For a recognized shopper, the personalization algorithm analyzes the individual’s historical views, clicks, purchases, and searches (based on inputs such as categories, products, and brands) to personalize the order in which available products are presented. If this recognized shopper looked at specific products or brands on the retailer’s website in the current session as well as in past sessions before visiting the category page, the algorithm takes into account this real-time behavior as it generates the product listing that’s the best match. For an unrecognized shopper, products are sorted based on a combination of global attributes such as top viewed, clicked, and purchased items in that category.

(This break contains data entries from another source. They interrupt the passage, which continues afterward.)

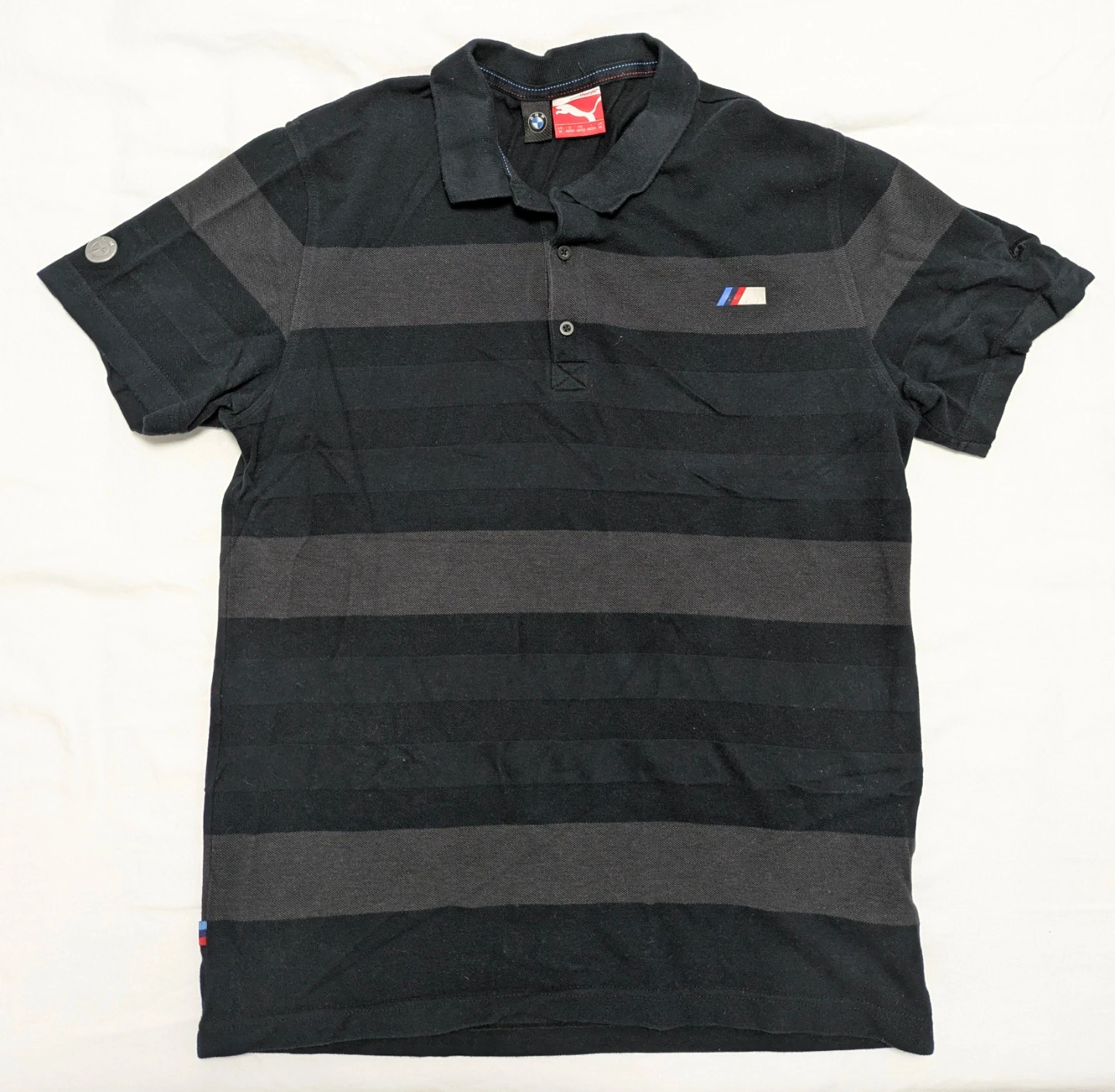 Selling a Puma polo shirt with a striped design, featuring the BMW logo. Never worn. Medium.
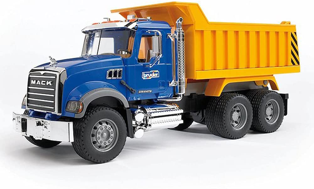 The MACK Granite Dump Truck by Bruder offers children realistic and active fun. This highly detailed truck features a realistic driver's cabin with doors that open, adjustable side-view mirrors, a tilting engine hood which provides a full view of the engine block, and many other features which give these trucks their beautiful chrome look. Like a real dump truck, the open-box bed lifts at the front and tilts allowing the content within to be deposited.
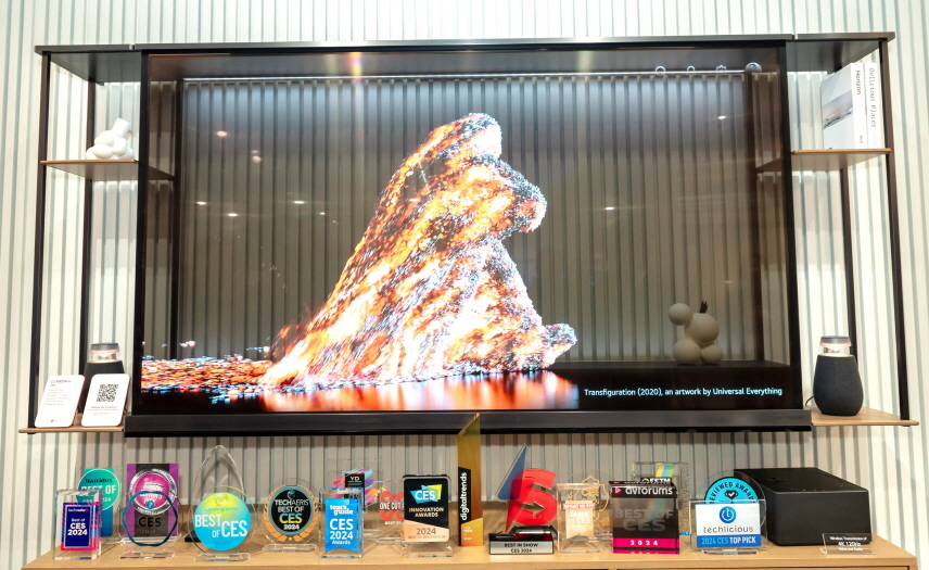 LG전자가 선보인 세계 최초의 무선 투명 올레드 TV ‘LG 시그니처 올레드 T’가 美 라스베이거스에서 열린 세계 최대 가전·IT 전시회 CES 2024의 최고 제품으로 선정됐다.
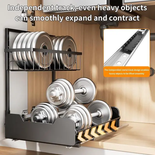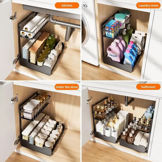 VERSATILE & CUSTOMIZABLE ORGANIZER Dimensions: 13.6"L x 10.2"W x 14.6"H (Adjustable). The spacious bottom basket can hold bottles up to 10.83" tall. Please measure your space before ordering! Perfect for organizing under the sink in the kitchen, bathroom, and laundry room, keeping cleaning supplies, toiletries, and more neatly stored and within reach

Both the attributes and their associated weightings can be configured to a retailer’s specific needs, and then automatically optimized using machine learning and multivariate testing. For example, if brand is critical to the retailer’s customers, brand can be added as an attribute, and weighted more heavily than other personalization attributes. Examples of personalization attributes include products, categories, and brands the shopper has viewed, clicked, and purchased in the past and/or during the current visit.
Results across diverse businesses: 2 – 5% increase in website revenue
Discover was launched on a luxury apparel retailer’s website and delivered a consistent 2 to 5% overall increase in website revenue. It receives C-suite visibility and its continued strong performance has since shifted the retailer’s business strategy and prioritization; they have accelerated its deployment to their other online retail stores.
Discover was also launched on the retailer’s outlet and exceeded performance expectations with a 5%+ average increase in website revenue. Within a couple of weeks, the retailer had 100% of the outlet site traffic enabled for Discover.
Presenting shoppers with a concise listing of the right products quickly is paramount. How long it takes shoppers to see relevant recommendations can mean the difference between conversion and an abandoned cart.
What is the most expedient way to help shoppers find what they seek? By satisfying the customer’s agenda through algorithm-driven personalization. The outcome is dynamically generated, personalized product lists—clearly relevant to that specific individual—built on a customer’s past and current shopping behaviors.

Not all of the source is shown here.